%%
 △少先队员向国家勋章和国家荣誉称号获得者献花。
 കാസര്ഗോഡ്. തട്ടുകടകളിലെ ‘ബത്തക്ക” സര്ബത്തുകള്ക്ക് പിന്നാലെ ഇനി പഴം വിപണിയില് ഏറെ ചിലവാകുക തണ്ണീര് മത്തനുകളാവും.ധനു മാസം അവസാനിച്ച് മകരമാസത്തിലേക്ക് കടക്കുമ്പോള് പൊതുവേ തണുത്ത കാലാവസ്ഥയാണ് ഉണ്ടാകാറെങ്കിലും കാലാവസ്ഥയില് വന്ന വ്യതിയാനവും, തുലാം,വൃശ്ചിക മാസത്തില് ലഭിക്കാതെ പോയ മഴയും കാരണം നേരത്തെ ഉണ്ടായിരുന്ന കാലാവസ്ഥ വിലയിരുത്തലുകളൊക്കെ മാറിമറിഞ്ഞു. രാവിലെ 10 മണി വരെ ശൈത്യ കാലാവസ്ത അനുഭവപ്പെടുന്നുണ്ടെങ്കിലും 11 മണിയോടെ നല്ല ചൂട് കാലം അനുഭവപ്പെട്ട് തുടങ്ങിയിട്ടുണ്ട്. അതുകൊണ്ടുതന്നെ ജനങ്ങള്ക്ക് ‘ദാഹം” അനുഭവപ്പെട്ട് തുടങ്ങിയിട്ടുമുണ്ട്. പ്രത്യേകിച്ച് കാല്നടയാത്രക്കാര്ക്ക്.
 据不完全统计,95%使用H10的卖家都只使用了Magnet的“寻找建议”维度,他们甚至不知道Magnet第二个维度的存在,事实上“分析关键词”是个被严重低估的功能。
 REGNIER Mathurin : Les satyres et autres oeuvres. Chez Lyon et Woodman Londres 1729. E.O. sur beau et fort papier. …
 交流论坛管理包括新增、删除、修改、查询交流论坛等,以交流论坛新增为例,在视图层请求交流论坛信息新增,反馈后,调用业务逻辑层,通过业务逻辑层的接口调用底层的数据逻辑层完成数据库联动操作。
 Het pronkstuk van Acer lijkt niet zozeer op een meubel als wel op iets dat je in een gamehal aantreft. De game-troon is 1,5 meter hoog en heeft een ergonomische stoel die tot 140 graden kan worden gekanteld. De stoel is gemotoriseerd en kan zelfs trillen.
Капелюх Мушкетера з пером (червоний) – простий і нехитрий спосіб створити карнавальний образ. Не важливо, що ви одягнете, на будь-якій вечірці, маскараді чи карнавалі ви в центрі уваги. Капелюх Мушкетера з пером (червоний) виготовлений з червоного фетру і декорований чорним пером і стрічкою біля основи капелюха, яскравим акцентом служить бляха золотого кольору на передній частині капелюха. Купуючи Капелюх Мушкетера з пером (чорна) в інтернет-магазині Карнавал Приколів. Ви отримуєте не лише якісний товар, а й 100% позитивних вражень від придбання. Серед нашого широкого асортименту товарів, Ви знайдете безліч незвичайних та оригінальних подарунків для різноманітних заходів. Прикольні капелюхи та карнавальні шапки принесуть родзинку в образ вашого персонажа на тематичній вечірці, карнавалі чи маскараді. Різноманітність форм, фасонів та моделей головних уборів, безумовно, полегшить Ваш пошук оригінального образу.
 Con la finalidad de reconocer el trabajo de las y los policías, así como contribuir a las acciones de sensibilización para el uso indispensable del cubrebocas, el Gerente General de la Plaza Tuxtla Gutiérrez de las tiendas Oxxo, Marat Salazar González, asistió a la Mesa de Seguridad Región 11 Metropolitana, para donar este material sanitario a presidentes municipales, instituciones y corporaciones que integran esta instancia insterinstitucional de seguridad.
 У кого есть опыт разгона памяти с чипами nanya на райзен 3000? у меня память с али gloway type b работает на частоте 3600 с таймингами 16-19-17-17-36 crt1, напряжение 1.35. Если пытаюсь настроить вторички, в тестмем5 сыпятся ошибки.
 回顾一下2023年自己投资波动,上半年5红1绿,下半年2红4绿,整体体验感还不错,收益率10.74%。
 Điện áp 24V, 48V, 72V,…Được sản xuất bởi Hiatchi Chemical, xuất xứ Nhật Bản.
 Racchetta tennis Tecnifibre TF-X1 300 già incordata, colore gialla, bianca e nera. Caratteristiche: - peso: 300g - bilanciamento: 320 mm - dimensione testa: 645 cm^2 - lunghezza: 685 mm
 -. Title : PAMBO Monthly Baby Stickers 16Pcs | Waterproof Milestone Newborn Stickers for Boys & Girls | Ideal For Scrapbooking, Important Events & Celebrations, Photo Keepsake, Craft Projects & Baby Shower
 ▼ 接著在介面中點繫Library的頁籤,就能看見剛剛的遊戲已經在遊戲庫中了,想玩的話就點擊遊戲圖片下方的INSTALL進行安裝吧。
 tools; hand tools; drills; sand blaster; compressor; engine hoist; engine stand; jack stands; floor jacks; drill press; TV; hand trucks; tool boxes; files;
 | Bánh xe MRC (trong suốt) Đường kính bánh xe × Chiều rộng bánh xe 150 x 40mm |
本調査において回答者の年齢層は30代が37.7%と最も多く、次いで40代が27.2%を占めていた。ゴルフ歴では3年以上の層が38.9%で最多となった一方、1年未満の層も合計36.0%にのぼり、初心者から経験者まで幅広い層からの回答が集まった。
%%
EXERCISE INSTRUCTIONS >> Set down exactly the lines beginning at the one that holds "tools; hand tools;" and ending with the last line of the data.

TASK OUTPUT >>
 tools; hand tools; drills; sand blaster; compressor; engine hoist; engine stand; jack stands; floor jacks; drill press; TV; hand trucks; tool boxes; files;
 | Bánh xe MRC (trong suốt) Đường kính bánh xe × Chiều rộng bánh xe 150 x 40mm |
本調査において回答者の年齢層は30代が37.7%と最も多く、次いで40代が27.2%を占めていた。ゴルフ歴では3年以上の層が38.9%で最多となった一方、1年未満の層も合計36.0%にのぼり、初心者から経験者まで幅広い層からの回答が集まった。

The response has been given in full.